Mute
Mute is an online magazine dedicated to exploring culture and politics after the net. Mute combines biannual issues dedicated to specific topics (Precarious Labour, The Knowledge Commons, etc) with regularly updated articles and reviews. The site also features ongoing coverage of relevant news and events contributed by ourselves and our readers.
Our history...
Mute magazine was founded in 1994 to discuss the interrelationship of art and new technologies when the World Wide Web was newborn. But, as mass participation in computer mediated communications has become more integral to contemporary capitalism, its coverage has expanded to engage with the broader implications of this shift. Mute’s investigation of the social, economic, political and cultural formations of ‘network societies’ maintains an accent on the relationship between technology and the production of new social relations. At the same time, the magazine’s remit has grown broader and now includes analyses of geopolitics, culture and contemporary labour that, while necessarily inflected by contemporary developments in technology, go far beyond this.
While Mute was born out of a culture that celebrated the democratising potential of new media, it becomes ever more apparent that we need to critically engage with the ways in which new media also reproduce and extend capitalist social relations. Mute invites its readers and writers to consider new possibilities for resistance to hegemonies wherever they find them, from socio-economic and technical structures, to codes of representation and enunciation, to the production and articulation of psychic experience and beyond. We also welcome critiques of the contemporary fetishisation of ICT as either inherently progressive or entirely reactionary. Finally, Mute hopes to stimulate approaches to art and politics that challenge the orthodoxies of both the constituted left and ‘critical’ new media culture.
Mute in context
From its inception, Mute* has regarded message and medium, content and carrier as inherently linked. This approach has forced a constant reinvention of our publishing format (we are now on our sixth!) and, more generally, never taking theory's relationship to practice for granted. As a collaborative entity operating within the network paradigm, Mute has a tacit function as a test site: we feature and review innovative and radical cultural practices, but also participate in them, court infection and reflect their evolution within our own.

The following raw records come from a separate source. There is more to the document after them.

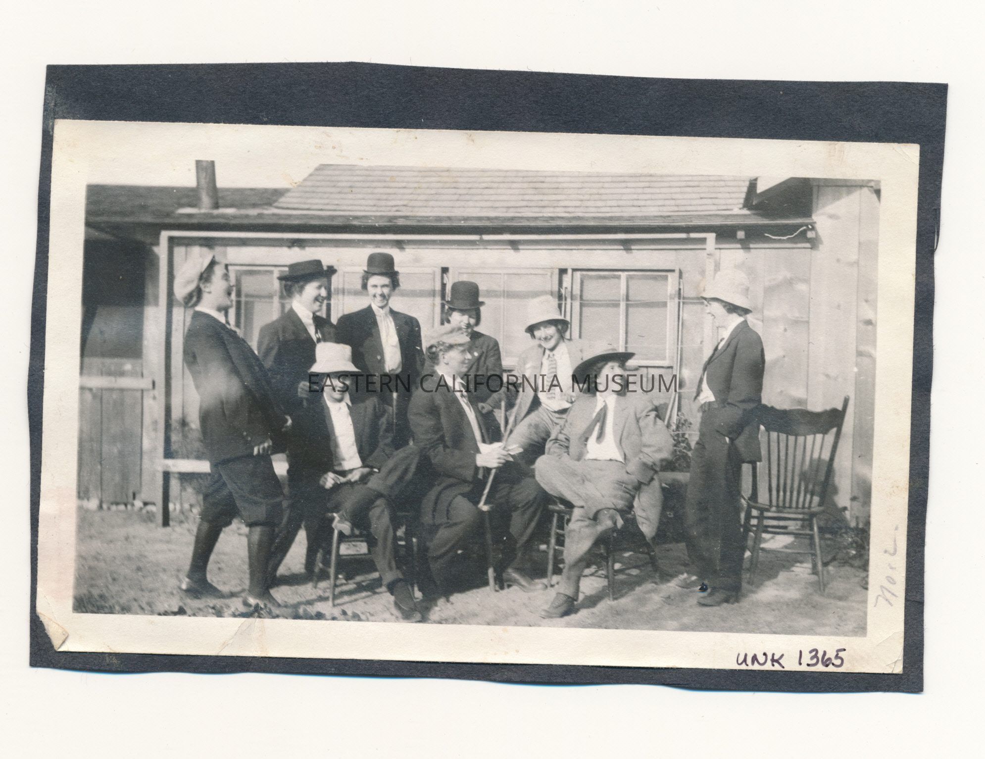 Photo of a group of nine people who appear to be women dressed in men's clothing (pants, white shirts, jackets, ties, and hats). Most of them are laughing and smiling. They are outside in front of a building, and some are sitting on chairs while others stand. The location may be the Manzanar area.
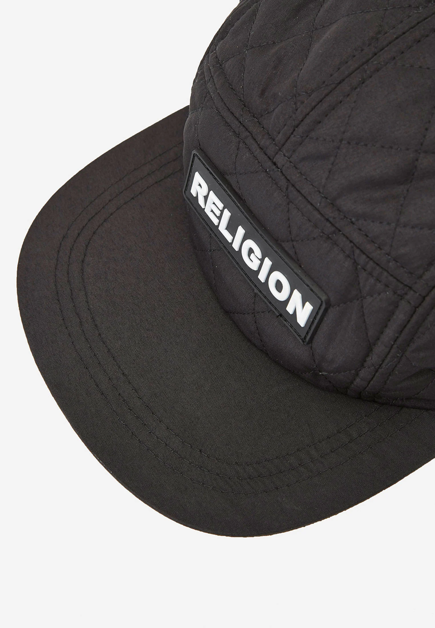 The Samo Trapper Cap in black features a flat visor, RELIGION branding embossed across the front, as well as side poppers for the ear flaps for additional cover during the winter months. The cap also has a pull cord at the rear, making it fully adjustable.
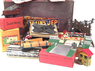 états de 'A-' à 'D' - comprend notamment wagons, passages à niveaux, transformateurs & pont - on y retrouve les marques : HORNBY FRANCE, JEP & LR - on y joint un coffret vide de la marque JEP & un ensemble important de différents rails de la marque - quelques manques
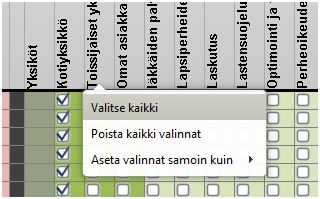 Paina harmaalla pohjalla hiiren oikeaa ja saat valikon valita kaikki tai poista kaikki.
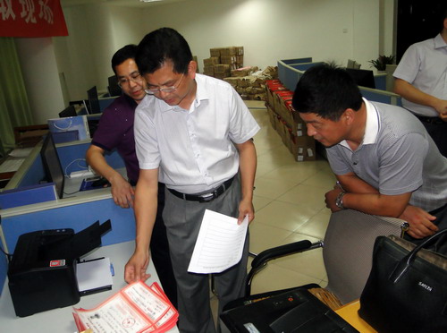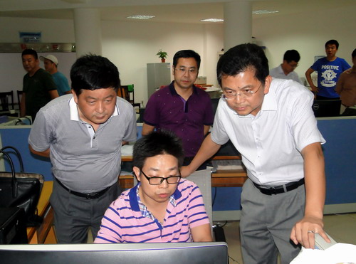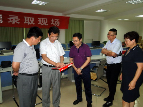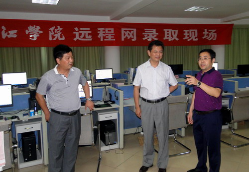 刘校长还与现场工作人员进行了交流,并来到电脑前仔细询问招生录取情况,鼓励大家要继续发扬吃苦耐劳的精神,持之以恒地做好招生工作,同时要求招就处要切实做好各项保障工作,为全体工作人员排忧解难。
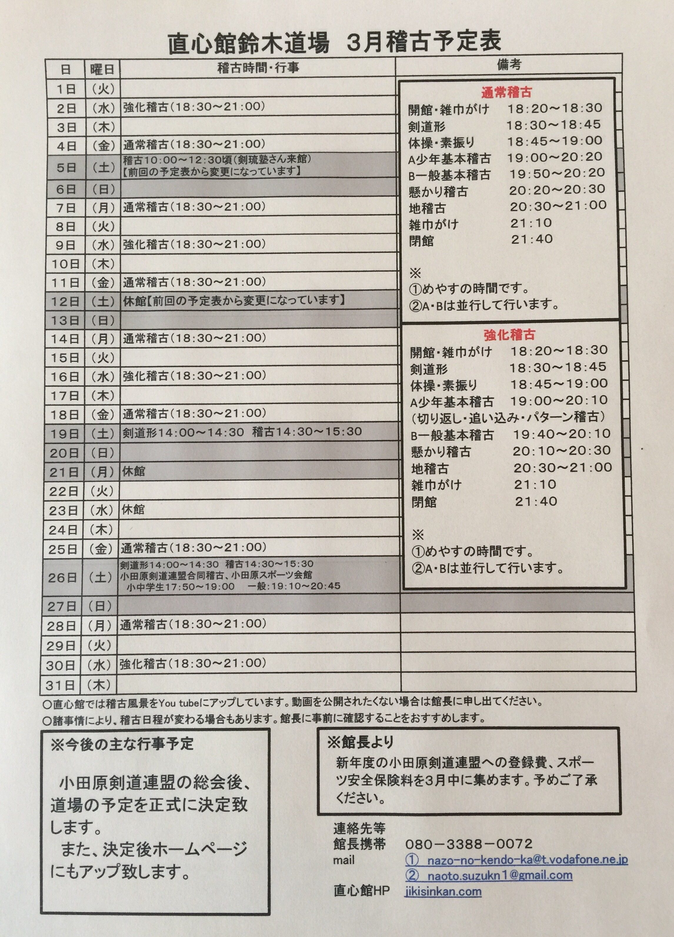 出稽古や館長の仕事の都合により、3月の稽古予定を変更しました。お間違いのないようにお願いします。
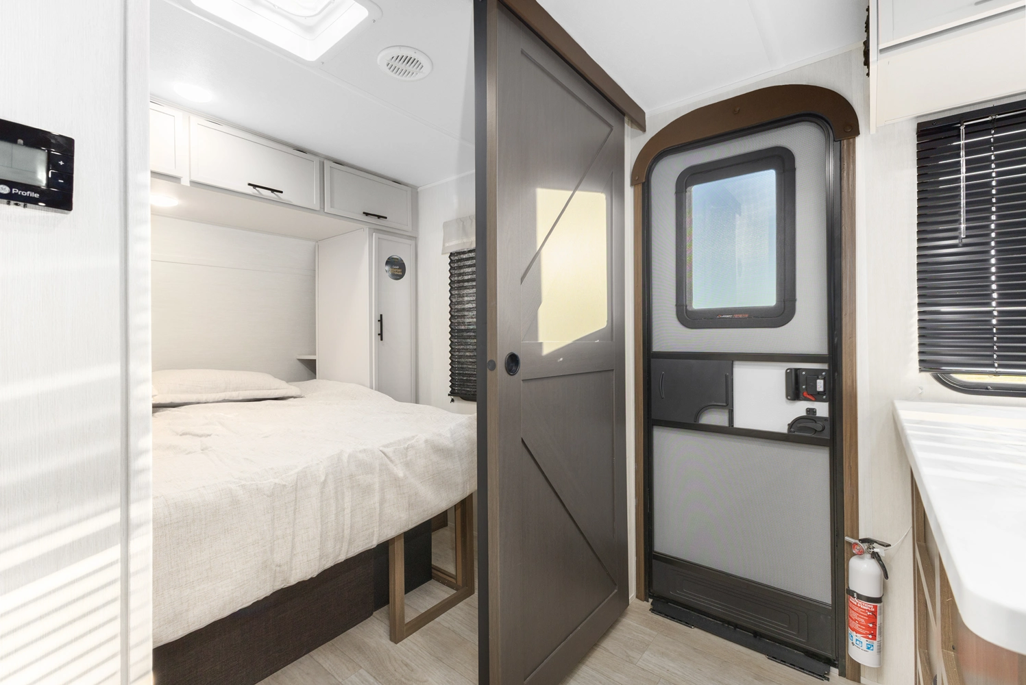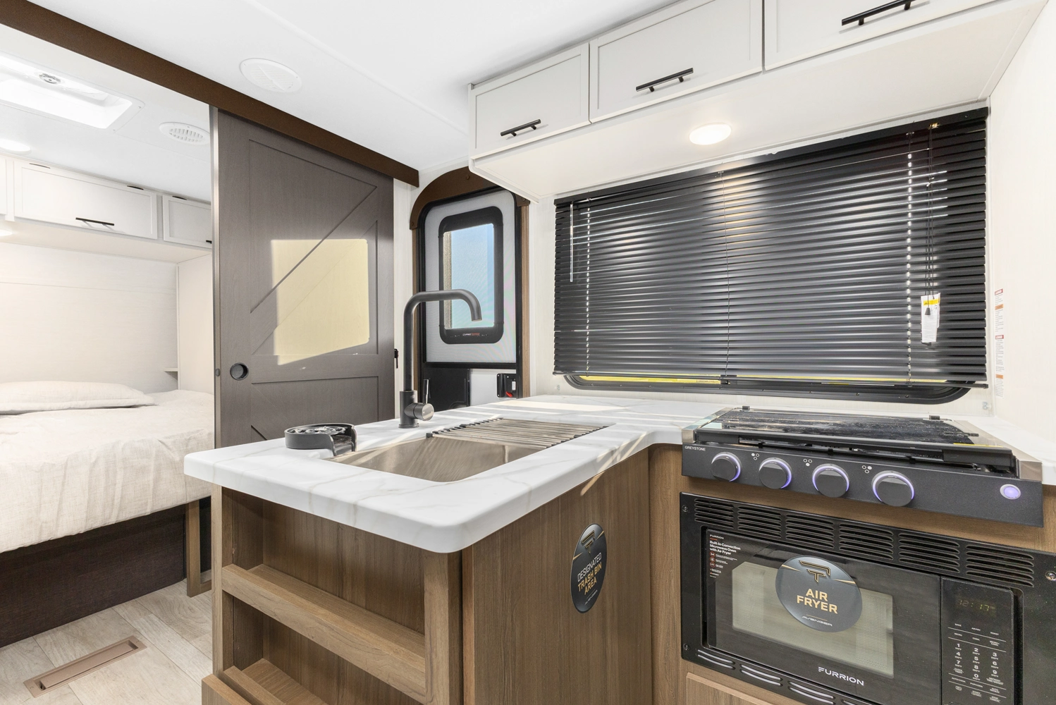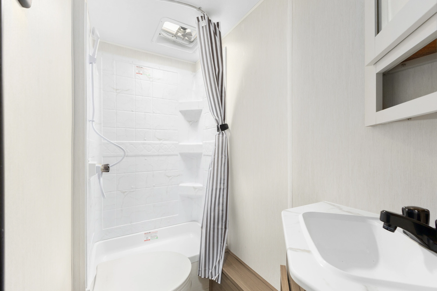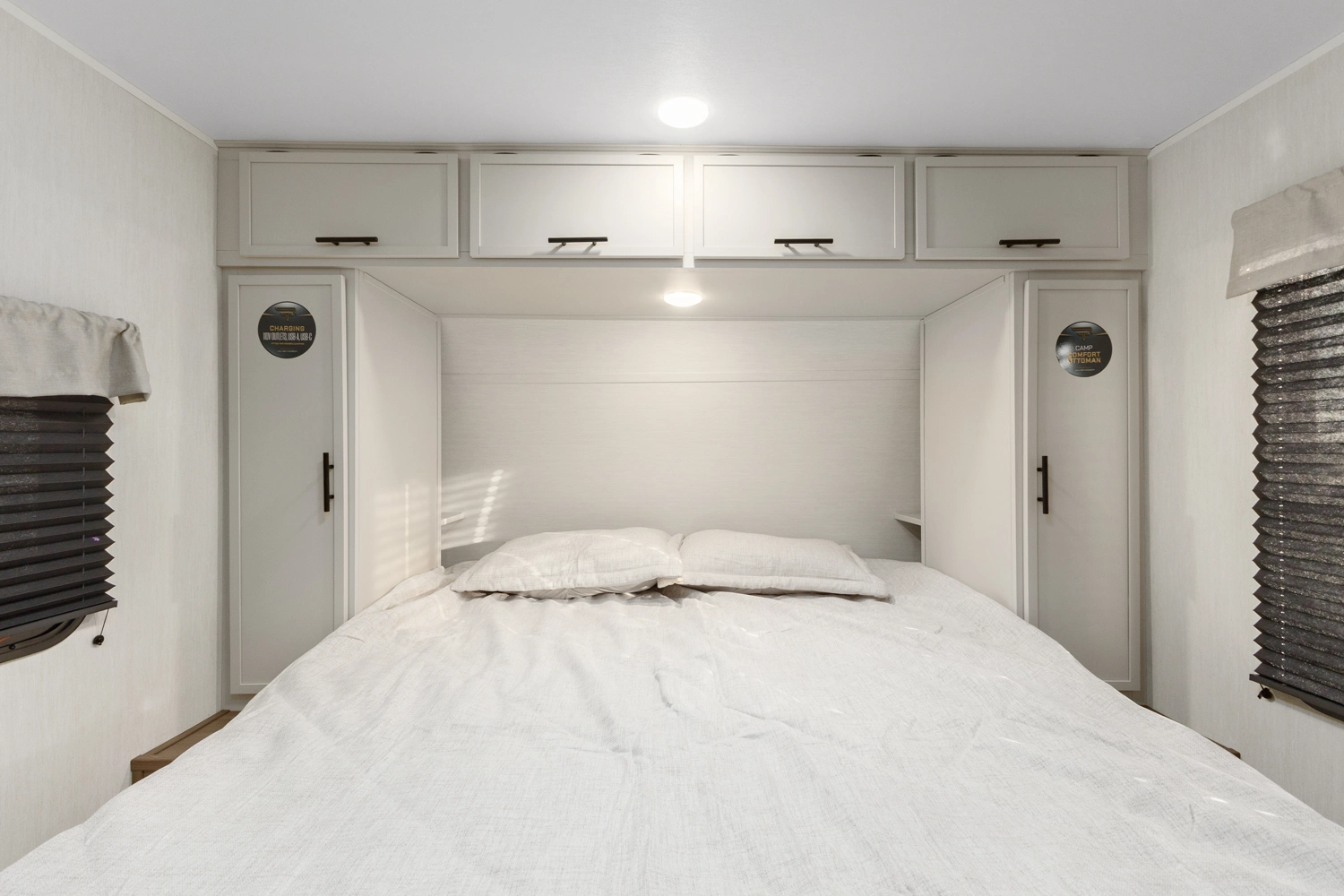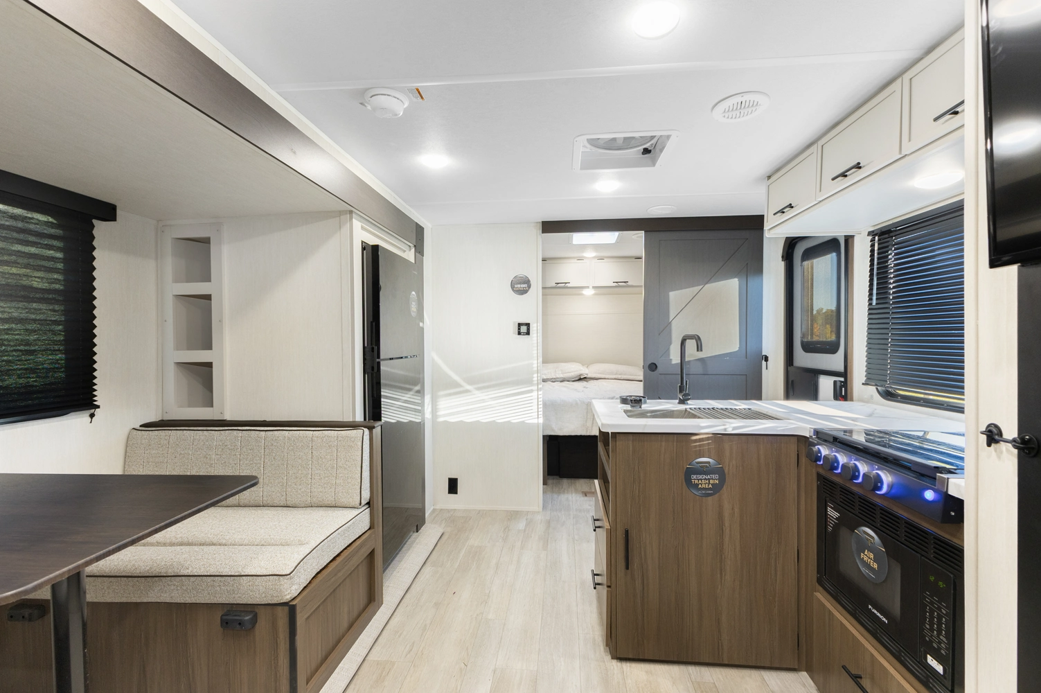 This Travel Trailer provides many areas for you and your guests to sleep. With double over double bunks in the rear, and a camp king bed in the bedroom, feel free to invite your friends and family. A booth dinette residing in the slideout provides extra storage space in the shelves as well as in the bench seats. A rear bathroom with a large shower grants you plenty of space. Furthermore, a hidden pantry behind the TV and fireplace that is great for hiding clothes, clutter and much more!

One promise of 'many to many' media was that it would upturn the traditional broadcast model of mainstream media and deliver unto the world a multitude of active producers, narrowcasting personalised media to each other and cutting out the middleman. For all their associations with empowerment, participation, and the agency of the small, the 'prosumer' figure associated with this discourse is an infinitely ambiguous entity - certainly no guaranteed counterforce to capitalism-as-usual. Other standardbearers of democratisation, to be found travelling under banners like 'Grow Your Own', 'DiY media' and 'citizen journalism', have done more to alter the media power im/balance, even if their often homogenous social composition troubles any ultimate claims for a revolution.
Mute Books – is the new imprint of Mute Publishing. The series specialises in cultural politics, providing a new, expanded space for the kinds of distinctive voices Mute magazine has hosted since its inception in 1994. In keeping with the magazine's editorial practices, Mute Books will pursue an interdisciplinary publishing policy, working experimentally and with a wide variety of individuals and groups to provide the kind of sustained focus their contribution to contemporary culture deserves.
Post-Media Lab – a project within the Digital Media Center (EU Innovation Incubator, Leuphana University Lüneburg, Germany), organising residencies, publishing projects and public events in collaboration with Mute magazine.
*The present Mute magazine could not have existed without a predecessor and namesake published through the Slade School of Art from 1989-1992. 'Mute v. 01' was an open contributions publication in a variety of formats, edited by Simon Worthington, Daniel Jackson, Helen Arthur and Stephen Faulkner.